在Spring Security中是通过一种自适应单向函数来处理密码问题,这种自适应单向函数的方式在进行密码匹配时会有意占用大量系统资源(CPU,内存等),这样就可以增加恶意用户攻击系统的难度。当然开发者也可以将用户名/密码的方式换成会话,OAuth2令牌等方式既可以快速验证用户凭证信息,也不损失系统安全性
PasswordEncoder
在SpringSecurity中通过PasswordEncoder接口定义了密码加密和对比的操作,我们看下源码
public interface PasswordEncoder {
String encode(CharSequence rawPassword);
boolean matches(CharSequence rawPassword, String encodedPassword);
default boolean upgradeEncoding(String encodedPassword) {
return false;
}
}一共有3个方法,encode方法对明文进行加密,matches方法进行密码比对,upgraderEncoding方法判断当前密码是否需要再次加密默认为false
PasswordEncoder常见实现类
Spring Security提供了一些PasswordEncoder的实现类,比如BCryptPasswordEncoder,Argon2PasswordEncoder,Pbkdf2PasswordEncoder,SCryptPasswordEncoder
下面着重介绍一下BCryptPasswordEncoder
BCryptPasswordEncoder
BCryptPasswordEncoder使用bcrypt算法对密码进行加密,同时会为密码加上“盐”,开发者不需要自己加“盐”,即使相同的明文字段生成的加密字符串也不同。
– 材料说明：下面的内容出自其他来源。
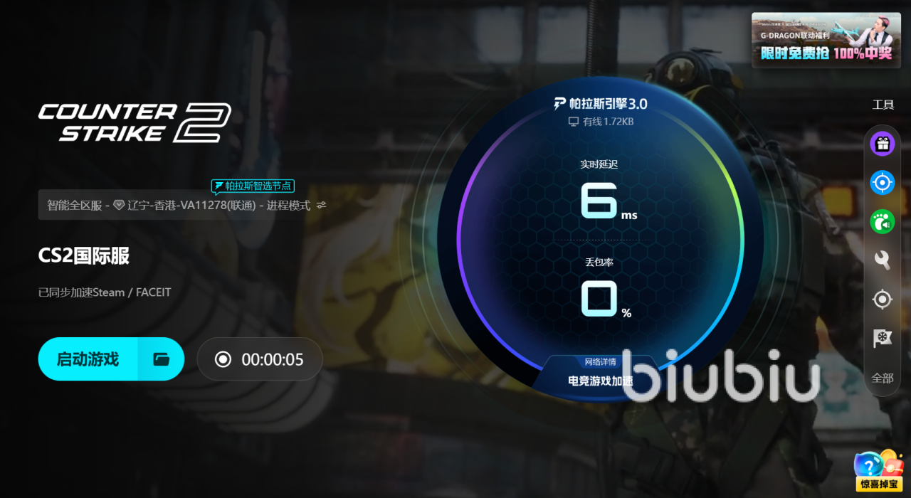 全面升级后的biubiu加速器采用帕拉斯引擎3.0内核,能够实时采集延迟、丢包率等关键网络数据,持续追踪网络波动,为自动匹配最优线路打下基础。帕拉斯引擎3.0强调动态调度和自适应优化,即便在高负载或跨区联机的情况下,也能保证稳定传输。作为参与调优的biubiu体验官,FPS冠军Aixleft把职业级的延迟控制与稳定性要求融入每一步优化策略,即使是CS等高强度对局,biubiu依旧稳定运行,让玩家全情投入战术和团队协作。
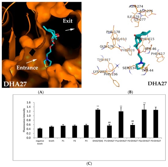 Figure 5A,B). Nile red is only a weakly fluorescent in aqueous solution, but undergoes a significant increase in fluorescent quantum yield when in nonpolar environment such as the cell membrane. Cells were preloaded with nile red in the absence or presence of DHA27. Once the cells were energized by the addition of glucose, the efflux of nile red could be observed as a drop in fluorescence. The result was similar to that from daunorubicin accumulation assay. DHA27 could inhibit the efflux of nile red just like AcrB inhibitor PAβN (
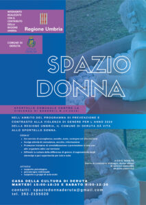 Dal mese di giugno 2024 è attivo il servizio “Spazio Donna”, uno sportello comunale contro la violenza di genere, attivato presso la Casa della Cultura nell’ambito del programma di prevenzione e contrasto alla violenza di genere per l’anno 2024 della Regione Umbria.
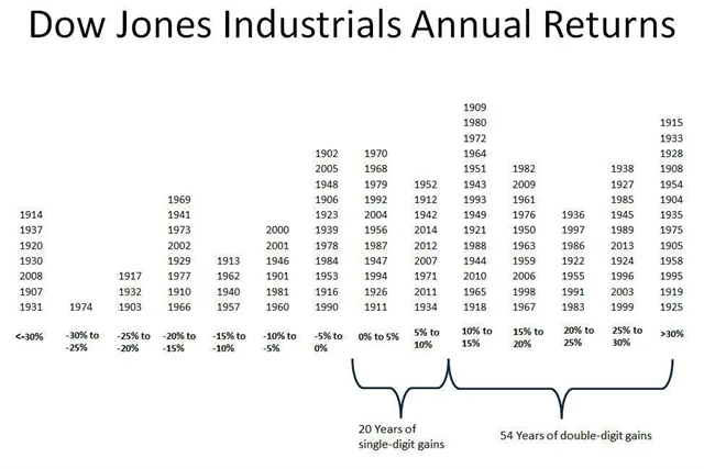 - Dvojciferné výnosy jsou normální, nejsou výjimkou. U Dow jsou téměř třikrát častější než jednociferné.
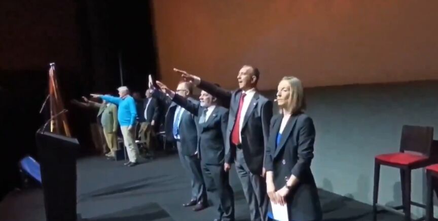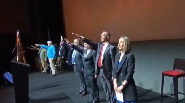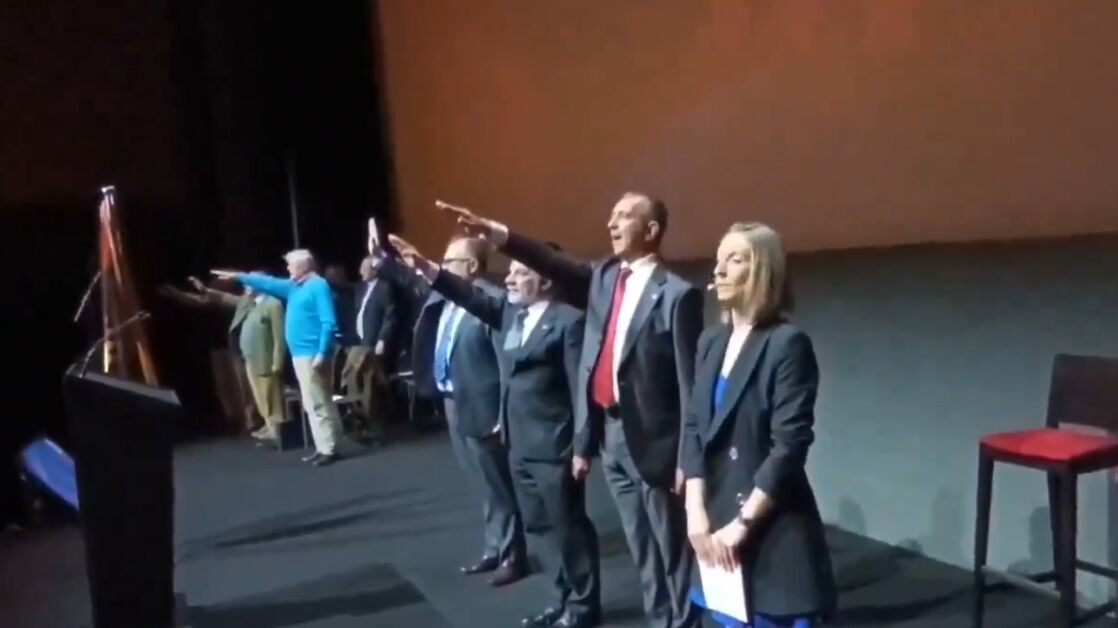 Durante el acto, como se ve en las imágenes que acompañan a esta noticia, se han proyectado imágenes contra la Ley de Memoria Democrática, así como el cierre de un acto en el que se hizo el saludo fascista.
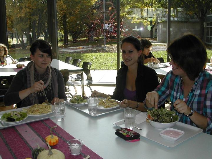 Seit Beginn des neuen Schuljahres gibt es vor allem in der Mensa im Ösch einige Neuerungen, die bei den Schülern schon nach kurzer Betriebszeit sehr gut angekommen sind. Bereits auf dem Weg zum Haupteingang weist ein Aufsteller handschriftlich in großen Buchstaben auf das aktuelle Tagesmenü hin. Cornelia Meinl, die neue Leiterin, weiß um die zentrale Bedeutung des täglichen Mittagstisches innerhalb der Schule. Gesunde Ernährung ist ihr und ihren haupt- und ehrenamtlichen Helferinnen genau so wichtig, wie eine gute Atmosphäre. Vor allem die „Mensa-Mütter“ um Mechthild Sonntag haben hier einen entscheidenden Anteil. Mit den herbstlich dekorierten Tischen soll die Mensa auch optisch ein Ort der sozialen Gemeinschaft sein, ein Platz, um vom Unterricht einfach mal abzuschalten.
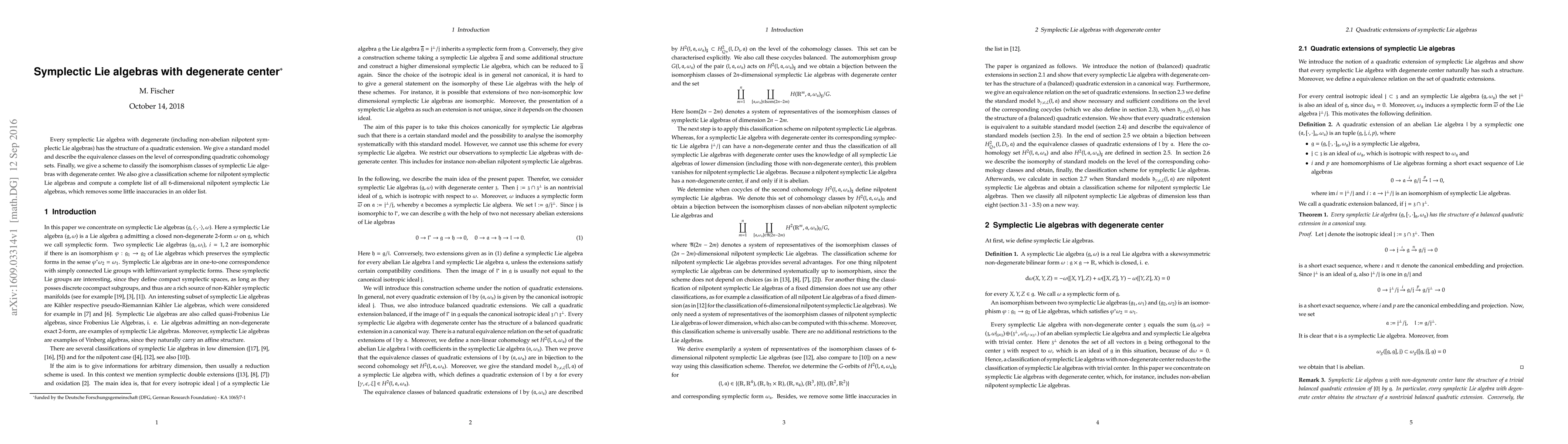 This paper establishes a quadratic extension structure for symplectic Lie algebras with degenerate centers, provides a standard model and classification scheme for these algebras, and rectifies inaccuracies in the older classification of 6-dimensional nilpotent symplectic Lie algebras.
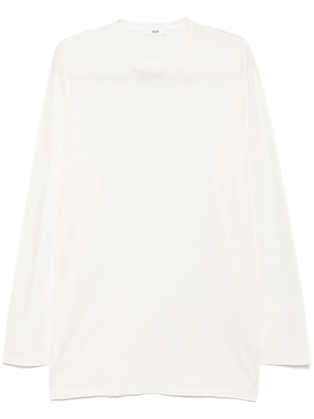 THIS WHITE ROUND-NECK T-SHIRT FEATURES LONG SLEEVES AND A STRAIGHT HEM. MADE FROM HIGH-QUALITY FABRIC, IT OFFERS BOTH COMFORT AND STYLE. PERFECT FOR ANY CASUAL OCCASION, THIS CLASSIC T-SHIRT IS A MUST-HAVE STAPLE IN ANY WARDROBE.
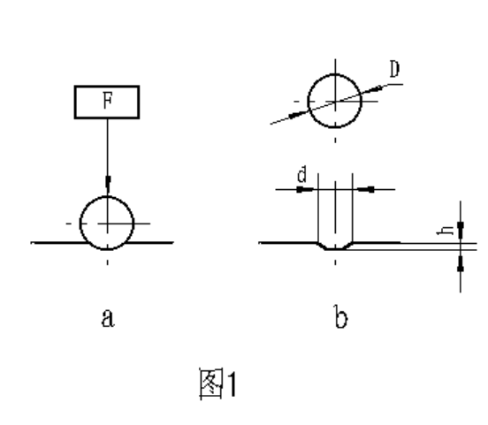 金屬布氏硬度試驗(yàn)系采用一定直徑硬質(zhì)合金球,以規(guī)定試驗(yàn)力壓入被測材料表面(圖1a)按規(guī)定保持時(shí)間后,卸除試驗(yàn)力,(圖1b)測量試樣表面的壓痕直徑,以計(jì)算出布氏硬度,并以下式計(jì)算之:

匹配时,从密文中取出“盐”,用该盐值加密明文和最终密文作对比。
BCryptPasswordEncoder的默认强度为10,开发者可以根据自己服务器的速度进行调整,以确保密码验证的时间约为1秒(官方建议)
PasswordEncoder 中的 encode 方法,是我们在用户注册的时候手动调用。
matches 方法,则是由系统调用,默认是在 DaoAuthenticationProvider#additionalAuthenticationChecks 方法中调用的。
protected void additionalAuthenticationChecks(UserDetails userDetails,
UsernamePasswordAuthenticationToken authentication)
throws AuthenticationException {
if (authentication.getCredentials() == null) {
logger.debug("Authentication failed: no credentials provided");
throw new BadCredentialsException(messages.getMessage(
"AbstractUserDetailsAuthenticationProvider.badCredentials",
"Bad credentials"));
}
String presentedPassword = authentication.getCredentials().toString();
if (!passwordEncoder.matches(presentedPassword, userDetails.getPassword())) {
logger.debug("Authentication failed: password does not match stored value");
throw new BadCredentialsException(messages.getMessage(
"AbstractUserDetailsAuthenticationProvider.badCredentials",
"Bad credentials"));
}
}可以看到,密码比对就是通过 passwordEncoder.matches 方法来进行的
那么 DaoAuthenticationProvider 中的 passwordEncoder 从何而来呢?是不是就是我们自己在SecurityConfig 中配置的那个 Bean 呢?
我们看下 DaoAuthenticationProvider 中关于 passwordEncoder 的定义
public class DaoAuthenticationProvider extends AbstractUserDetailsAuthenticationProvider {
private PasswordEncoder passwordEncoder;
public DaoAuthenticationProvider() {
setPasswordEncoder(PasswordEncoderFactories.createDelegatingPasswordEncoder());
}
public void setPasswordEncoder(PasswordEncoder passwordEncoder) {
this.passwordEncoder = passwordEncoder;
this.userNotFoundEncodedPassword = null;
}
protected PasswordEncoder getPasswordEncoder() {
return passwordEncoder;
}
}
//我们再来看看 DaoAuthenticationProvider 是怎么初始化的。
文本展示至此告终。